グリーティング
近年の人口増加に加えて地球温暖化の進行によって、地球上の水の偏在化が顕著になっています。こうしたことから、21世紀は「水の世紀」だと言われています。農業生産にとって水は不可欠ですが、その量は少なすぎても多すぎても問題があります。農業水利学研究室(通称、水研)では、シミュレーション技術や地理情報システムを駆使して、農業と水に関する多くの課題の解決策を見出すために日々研究に取り組んでいます。興味のある方は、ふらっと水研に遊びに来てください。大歓迎です。
研究分野・テーマ
1. 田んぼダムによる洪水緩和と土砂流出抑制
「田んぼダム」とは、面的に広がる水田に雨水を貯めることで、下流域を水害から守る新潟県発祥の取組です。2016年現在、新潟県内の水田約12,000haで取り組まれており、県外(北海道、山形県、富山県、福井県など)でも取組が普及しつつあります。田んぼダムは、水田の水の出口に設置する流出量調整の仕掛けが鍵です。水研では、田んぼダムの仕掛けの開発や、効果の検証のほか、取組普及に求められる制度のあり方についても提案しています。
2. 水田系における放射性物質の挙動に関する研究
福島第1原発の事故によって広域に放射性物質が沈降しました。農業の水源である森林に蓄積した放射性物質はゆっくりと渓流を通って下流に運ばれます。この水を使って農業を営むのですが、農作物への影響はまだ良くわかっていません。

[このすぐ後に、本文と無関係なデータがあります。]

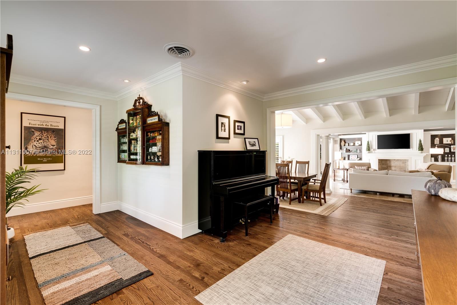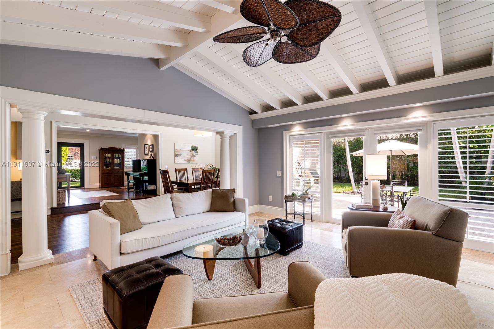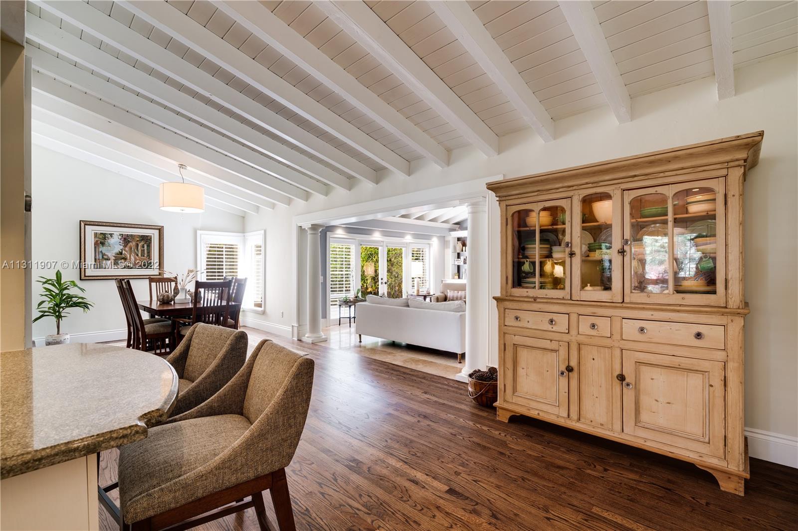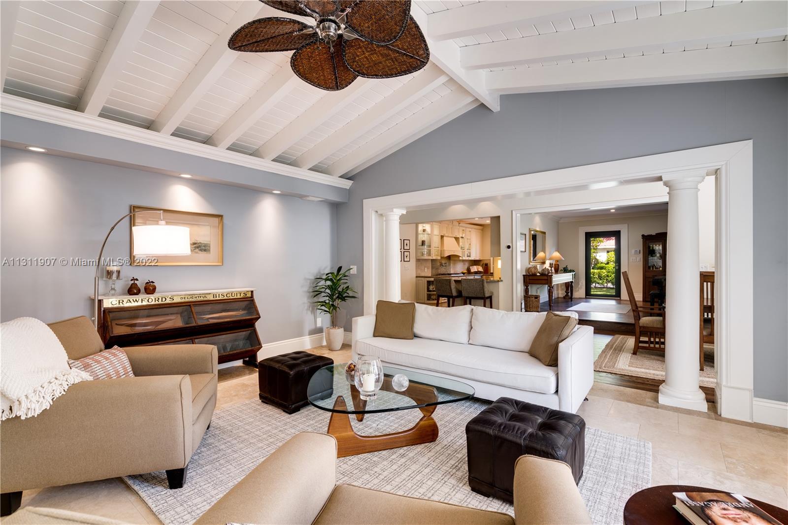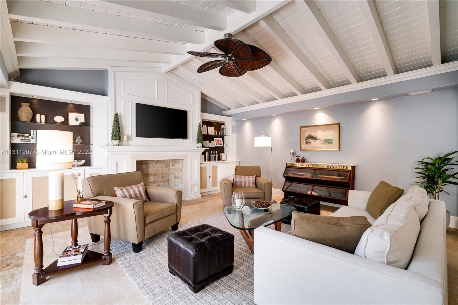 This idyllic Coral Gables home is a jewel. Quality, high-end finishes are evident throughout this 2000 sf home. Gorgeous wood floors and moldings enhance the vaulted ceilings and generously sized rooms. The beautiful great room is where you will want to spend all your time. An Italian-designer kitchen offers excellent storage as well as a gas stove, pot filler & wine cooler. The wood-burning fireplace, designer walk-in closets, & plantation shutters add additional charm and refinement. The bonus room is a perfect spot for a home office. A summer kitchen and BBQ and outdoor patio will be used year-round for entertaining. This home is in a prestigious Coral Gables pocket, sitting high on the ridge in a no flood zone. Two car garage with lots of storage. A Very Special Home.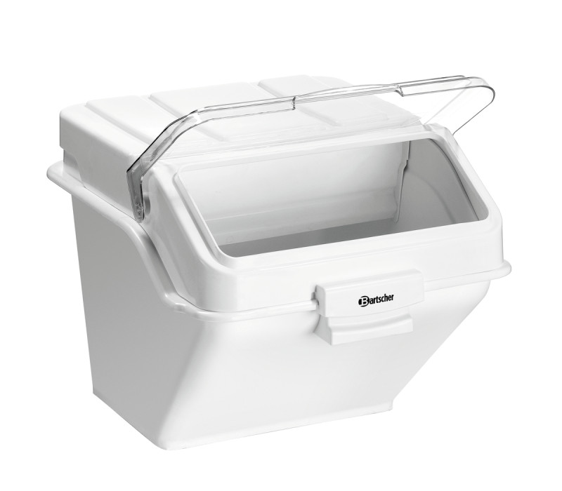 Robuuste, stapelbare voorraadcontainer voor een hygiënische bevoorrading van verschillende graansoorten en van specerijen, rijst of noedels. Het praktische transparante klapdeksel maakt een snel overzicht mogelijk van welke droge goederen zich in de container bevinden.
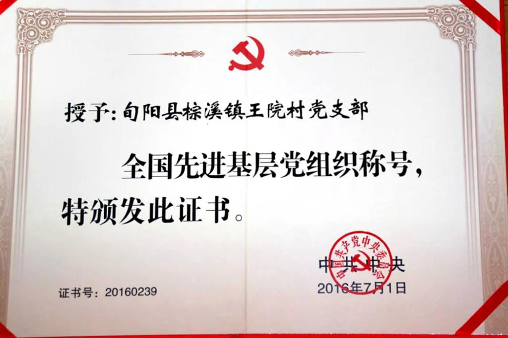 棕溪镇王院村党支部被中共中央授予全国先进基层党组织称号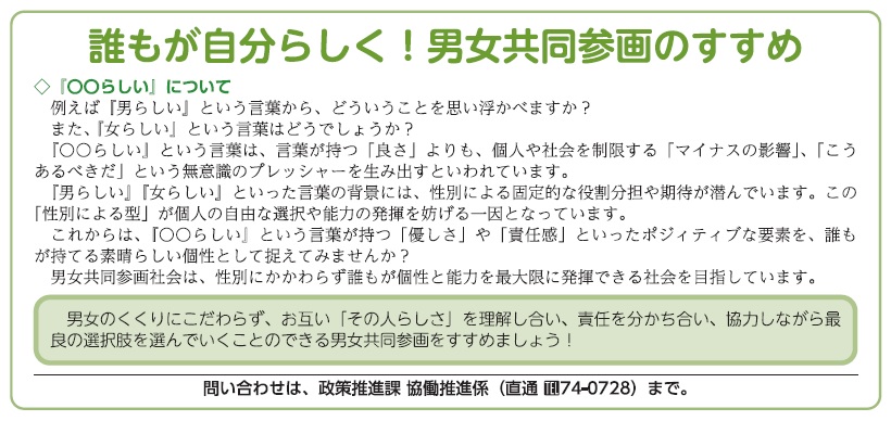 【広報連載】誰もが自分らしく!男女共同参画のすすめ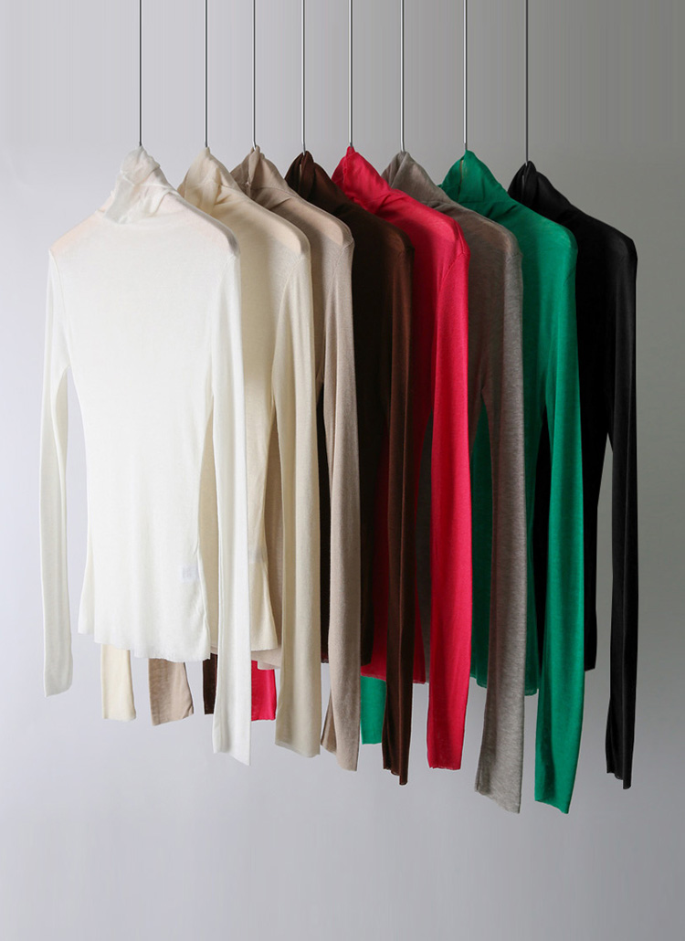 [Soft, stretchy, and lightweight—this slim-fit turtleneck hugs the body comfortably, perfect for layering through all cool seasons.]
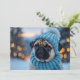 Cette adorable carte de Noël présente un carlin mignon portant un casquette tricot bleu et un foulard, posé sur fond de lumières scintillantes et de paysage enneigé. Cette image qui fait chaud au coeur est parfaite pour répandre la joie des fêtes et apporter un sourire aux visages des amoureux de les chiens comme des amateurs de Noël.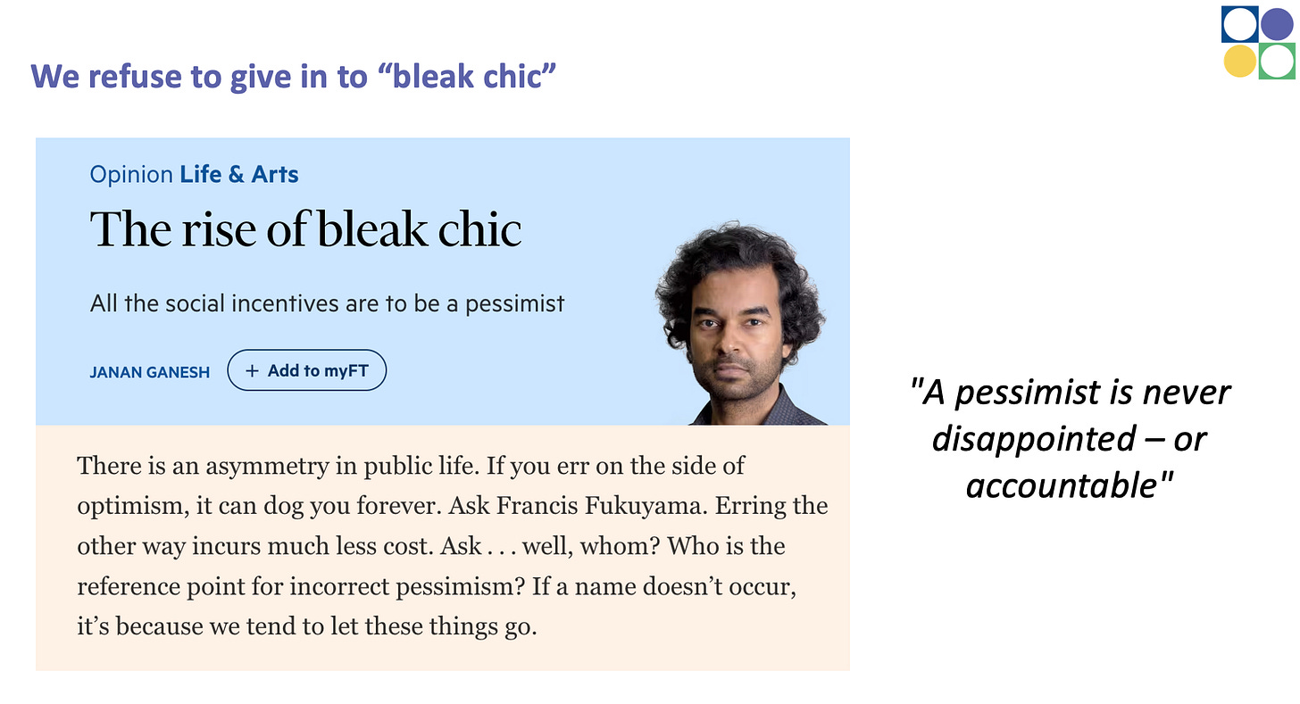 In my book, I often reference another report, the 2023 Global Solidarity Report, highlighting that while our world teeters on the edge, public sentiment often outpaces leadership on critical issues. It's easy to succumb to doomsday thinking or seek validation through pessimism and shaming. As a recent addition to the advisory board of the Global Solidarity Report, I was presented with this compelling slide: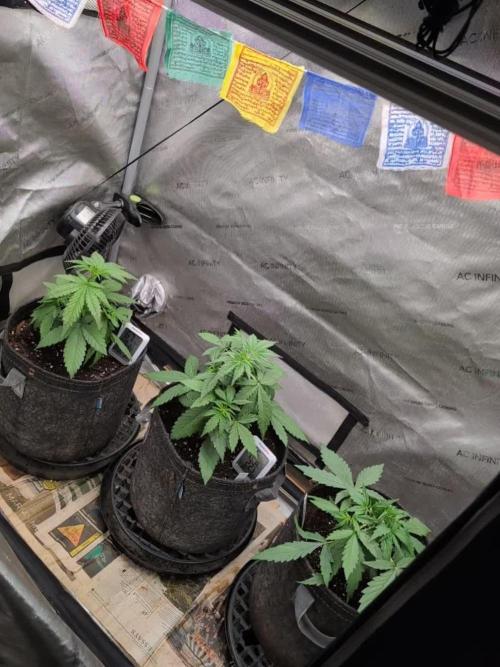 60x60 cm tent in a 1920's peek-in-closet Oversized vent for silence High power DIY LED True SoG 12/12 from seed with 15 plants in 2L pots Watering all plants in bottom tray with 30% of total pot size (10L) WEEK 1 DAY 1 - Germinated in paper towel DAY 3 - Planted into pots + Lights ON at 125w DAY 5 - All plants have broken soil DAY 7 - Slight stretch - Light at 185w WEEK 2 Two of the Iced Out are lagging behind, others are on point - I'm trying to push light and nutes to the max. Extraction fan (AC infinity Cloudline T6) on level 2. DAY 13 - First full watering (10L) with 20 ml Canna Terra Vega DAY 14 - Circulation fan turned on (low) during lights on WEEK 3 Good growth, two Iced Out still lagging DAY 18 - Light at 225w, Extraction fan on level 3 during lights on DAY 20 - 2nd watering, 8L with 30ml Vega + Light at 250w DAY 21 - On point, mostly :) Could've pushed nutes a bit more from the go WEEK 4 DAY 24 - So far this week I'm just kicking back and watching them do their thing. The two lagging Iced Outs are trying to catch up. DAY 26 - Watering 10L with 50 ml Vega (one day too late...) + light on 300w (max) DAY 28 - 4 weeks from popping the seeds, looking good except for the two Iced Outs, one of them is trying to get with the program, the other... Well, some plants are just pricks. WEEK 5 I think this is the week we'll see them take off :) DAY 29 - Plants are starting to show sex, removed 2 Urkle Mints males, the other two are females, the rest are fems so we're down to 13 female plants total with only a single weakling DAY 29 - Watering 8L with 50ml Vega (shouldn't have been later than today!) DAY 33 - plants exploded over the last 4 days and most are stretching and starting to flower DAY 33 - Watering 10L with 60ml Vega (feeding Vega once or twice more then we switch to Flora) DAY 35 - Just cruisin' 😎 WEEK 6 Lots of stretch the past week, flowers are setting in, the laggy Iced Out was culled, 3 plants are a bit behind the others.. DAY 36 - Watering 10L with 50ml Vega DAY 39 - Watering 10L with 50ml Vega DAY 42 - Defoliation WEEK 7 DAY 44 - Watering 10L with 50ml Vega DAY 47 - Switching to flowering nutes - Watering 10L with 50ml Flores WEEK 8 Had to break the stem on the stretchy Sugar Cane to keep it low enough DAY 51 - Watering 10L with 60ml Flores DAY 54 - Watering 10L with 60ml Flores WEEK 9 Starting to chunk and frost up. The 2 Urkle Mints regs are really small and slow but flowering, the slow Iced Out just started flowering and probably won't add up to much by the time the next grow needs to start. Platinum Jelly, Frosted Apricots, and Platinum Terple are looking really good, I knew PJ would kill DAY 57 - Watering 10L with 60ml Flores DAY 61 - Watering 10L with 50ml Flores DAY 61 - Defoliation WEEK 10 DAY 65 - Watering 10L with 50ml Flores + 15ml PK 13/14 DAY 69 - Watering 10L with 50ml Flores + 15ml PK 13/14 WEEK 11 DAY 72 - Watering 10L with 50ml Flores + 20ml PK 13/14 DAY 75 - Watering 10L with 40ml Flores + 20ml PK 13/14 (Last feeding)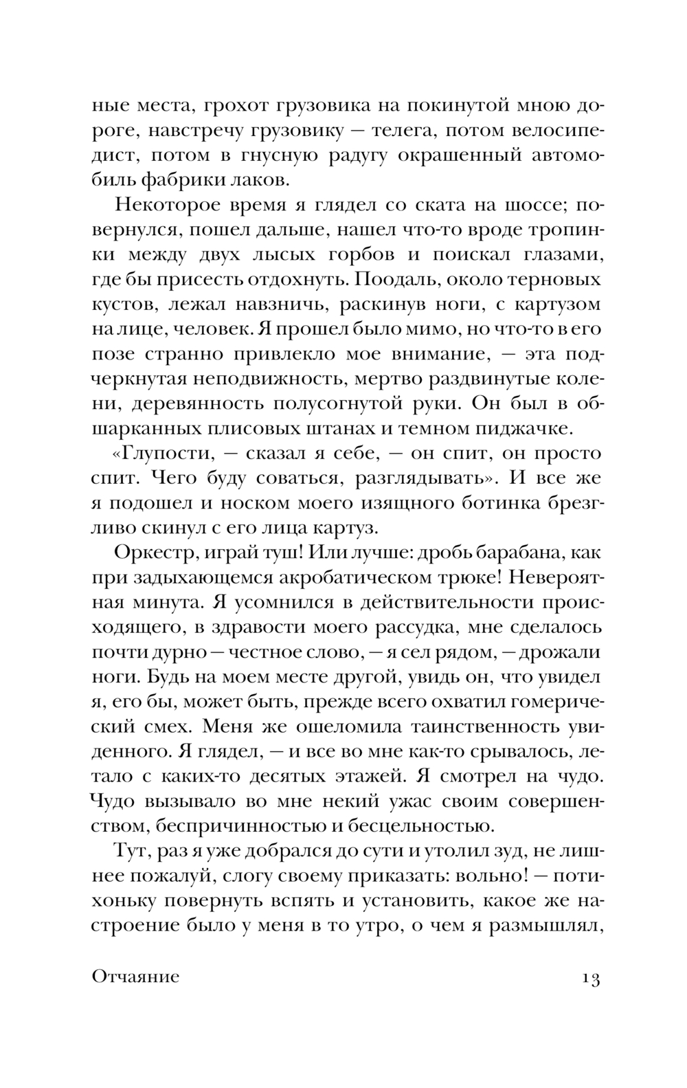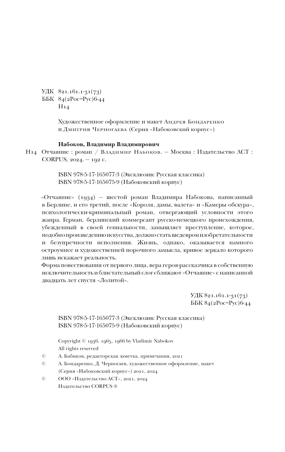 "Отчаяние" (1934) – шестой роман Владимира Набокова, написанный в Берлине, и его третий, после "Короля, дамы, валета" и "Камеры обскура", психологически-криминальный роман, отвергающий условности этого жанра. Герман, берлинский коммерсант русско-немецкого происхождения, убежденный в своей гениальности, замышляет преступление, которое, подобно произведению искусства, должно стать шедевром изобретательности и безупречности исполнения. Жизнь, однако, оказывается намного остроумнее и художественней порочного замысла, кривое зеркало которого лишь искажает реальность.

水研は、福島県の森林流域のから流出する放射性セシウムを追跡し、また、水田に入った後にどのように振る舞うのかを研究し、安全な農作物を生産するための対策を検討しています。
3. 地域排水の「見える化」に関する研究
近年、都市域が広がり農地が減少しています。しかし、下水道等の都市域の排水施設の整備が遅れており、農業用の排水施設を使っているのが現状です。農業用の排水機場には農家負担がありますが、今までの農家負担が適性なのかについて議論が進んでいます。水には色がついていませんが、私たちが開発した「内水氾濫解析モデル」を使って各土地利用からの流出成分を目で見て分かるようにするため、移流方程式を組み込んで「排水の見える化」を行うことに成功しました。